Mechanism: Statins block HMG-CoA reductase (the enzyme your body uses to make cholesterol), lowering cholesterol, but the brain is cholesterol-dependent, using it to form myelin sheaths (the insulation around nerves), maintain cell membranes, and synthesize hormones and neurotransmitters. Reduced cholesterol interferes with synapse formation (how brain cells communicate), CoQ10 production (a key energy molecule for mitochondria), and glial cell energy metabolism (support-cell function that keeps neurons alive). Statins also deplete fat-soluble vitamins (like vitamin A, D, and E), and CoQ10, critical for mitochondrial and neuronal health.
Research highlights:
- Multiple analyses show a correlation between statin use and memory loss or cognitive dysfunction, especially lipophilic statins that cross the blood-brain barrier (enter the brain easily) [5].

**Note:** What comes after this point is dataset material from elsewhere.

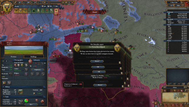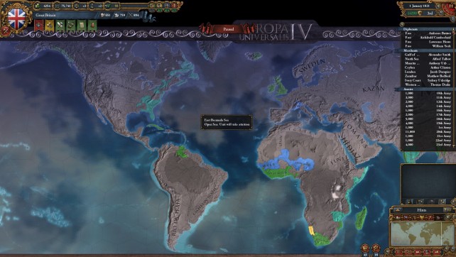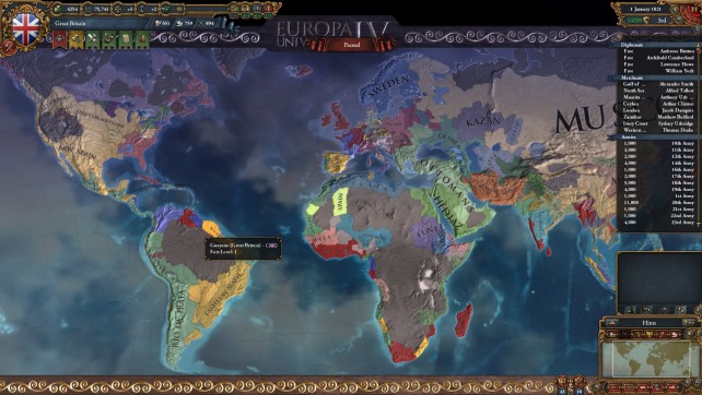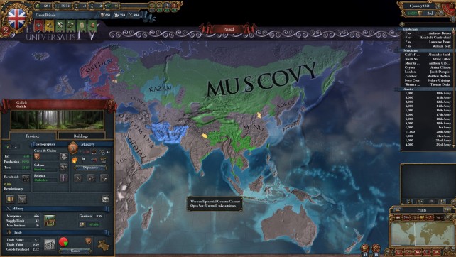 This is a grand strategy game, so expect to spend a lot of time looking at a map. Well, the concept is easy. You pick a nation, and control it from 1444 (or whenever you like to start) until 1821. Theis is a very interesting time period in most of the world, and the experiance may differ depending on what country you decide to play. For example, as England, you’ll start out in the hundred year war, but later on probably end up cononizing, trading and exploring the rest of the world, pretty much staying away from the european continent. ON the other hand, if you picka country such as Poland, you’ll end up in a lot of the big european conflicts. The game isn’t scripted per say, but some historical events will trigger under certain conditions, such events can turn out to be both good and bad. There are also a lot of other events that will trigger under certain conditions, such as big revolts, trade events and formation of new nations. The game has no real goal, even though there is a score system. it’s more of a simulation then anything else. The game has the usual features of other strategy games such as research, but things are structured in a slightly different way. When you first start out, it feels like you have very little control over your country’s progress, but as you dig deeper, you realized that there’s a lot of things to manage. I would recommend starting as a decent sized country without to many enemies. I started out as spain, and I feel that was a good idea. Your wars early on won’t be that complex and you can experiance some colonizing right off the bat.

- Animal models demonstrate that cholesterol depletion alters amyloid precursor protein processing (how the brain builds or breaks down amyloid), increasing β-amyloid plaque formation (a defining feature of Alzheimer’s) [6].
Final Thoughts
Pharmaceuticals are not inherently evil, but uninformed use is. If you or a loved one are on any of these medications long-term, it’s worth asking:
1) Are there safer alternatives to manage symptoms without compromising brain integrity?
2) Are nutrient and neurotransmitter pathways being supported properly?
3)And most importantly, is this drug addressing a root cause, or just suppressing it?
Because prevention doesn’t begin with a prescription, it begins with awareness.
Disclaimer: The information and opinions shared are for informational purposes only including, but not limited to, text, graphics, images and other material and are not intended as medical advice or instruction. Nothing mentioned is intended to be a substitute for professional medical advice, diagnosis or treatment.
References (APA format)
1. Richardson, K., Fox, C., Maidment, I., et al. (2019). Anticholinergic drugs and risk of dementia: case–control study. JAMA Internal Medicine, 179(8), 1084–1093. https://doi.org/10.1001/jamainternmed.2019.0677
2. Risacher, S. L., et al. (2016). Association between anticholinergic medication use and brain metabolism and atrophy in cognitively normal older adults. JAMA Neurology, 73(6), 721–732.
3. Billioti de Gage, S., et al. (2014). Benzodiazepine use and risk of Alzheimer’s disease: case–control study. BMJ, 349, g5205.
4. Calabrese, E. J., & Baldwin, L. A. (2018). Neuroprotective role of GABAergic modulation in neurodegenerative disorders. Pharmacological Reviews, 70(1), 88–120.
5. Wagstaff, L. R., et al. (2003). Statin-associated memory loss: analysis of 60 case reports and review of the literature. Pharmacotherapy, 23(7), 871–880.
6. Puglielli, L., Tanzi, R. E., & Kovacs, D. M. (2003). Alzheimer’s disease: the cholesterol connection. Nature Neuroscience Reviews, 4(7), 524–534.